──────── EXTRACTED RECORDS

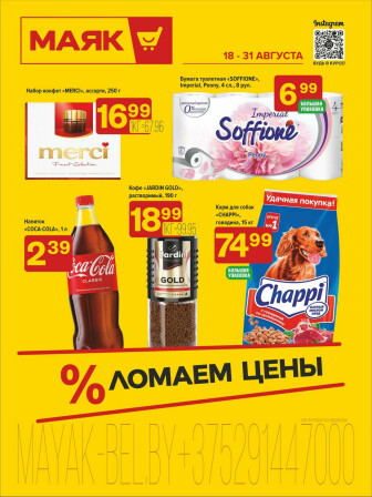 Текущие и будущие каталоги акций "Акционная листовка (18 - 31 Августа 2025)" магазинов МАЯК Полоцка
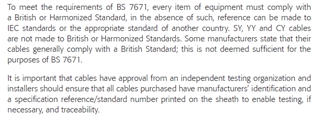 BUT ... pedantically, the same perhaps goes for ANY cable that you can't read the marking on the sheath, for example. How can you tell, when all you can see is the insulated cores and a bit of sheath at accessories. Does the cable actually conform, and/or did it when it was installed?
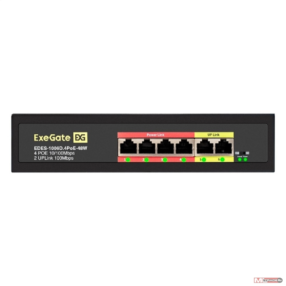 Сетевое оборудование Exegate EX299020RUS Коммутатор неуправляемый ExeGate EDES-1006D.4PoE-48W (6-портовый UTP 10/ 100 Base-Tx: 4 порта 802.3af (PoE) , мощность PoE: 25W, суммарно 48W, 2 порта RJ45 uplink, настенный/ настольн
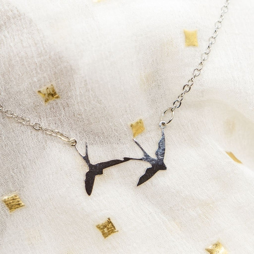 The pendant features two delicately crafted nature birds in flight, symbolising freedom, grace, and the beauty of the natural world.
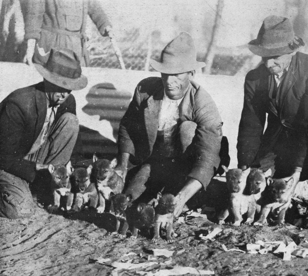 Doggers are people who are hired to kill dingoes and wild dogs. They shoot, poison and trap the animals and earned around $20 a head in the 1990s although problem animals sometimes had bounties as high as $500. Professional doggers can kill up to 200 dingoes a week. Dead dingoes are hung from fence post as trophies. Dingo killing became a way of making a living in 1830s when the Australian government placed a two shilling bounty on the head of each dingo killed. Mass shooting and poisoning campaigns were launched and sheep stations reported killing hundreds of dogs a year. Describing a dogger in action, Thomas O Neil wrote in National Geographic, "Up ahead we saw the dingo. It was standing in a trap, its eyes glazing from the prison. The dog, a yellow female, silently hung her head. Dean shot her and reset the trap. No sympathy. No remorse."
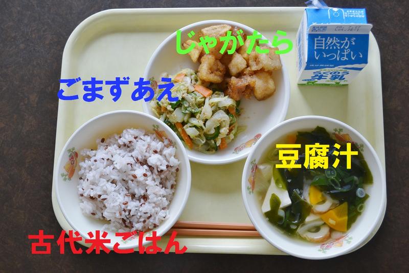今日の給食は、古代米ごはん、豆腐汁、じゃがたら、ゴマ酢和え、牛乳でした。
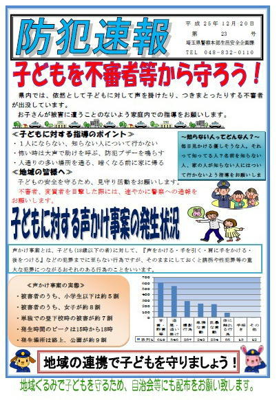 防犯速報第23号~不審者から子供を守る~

────────────────

WHAT THE EXERCISE ASKS:
Which lines run from the one that holds "今日の給食は、古代米ごはん、豆腐汁、じゃがたら、ゴマ酢和え、牛乳でした。" to the final line of the records above? Return them exactly, and skip the pictures.

ANSWER BOX:
今日の給食は、古代米ごはん、豆腐汁、じゃがたら、ゴマ酢和え、牛乳でした。
 防犯速報第23号~不審者から子供を守る~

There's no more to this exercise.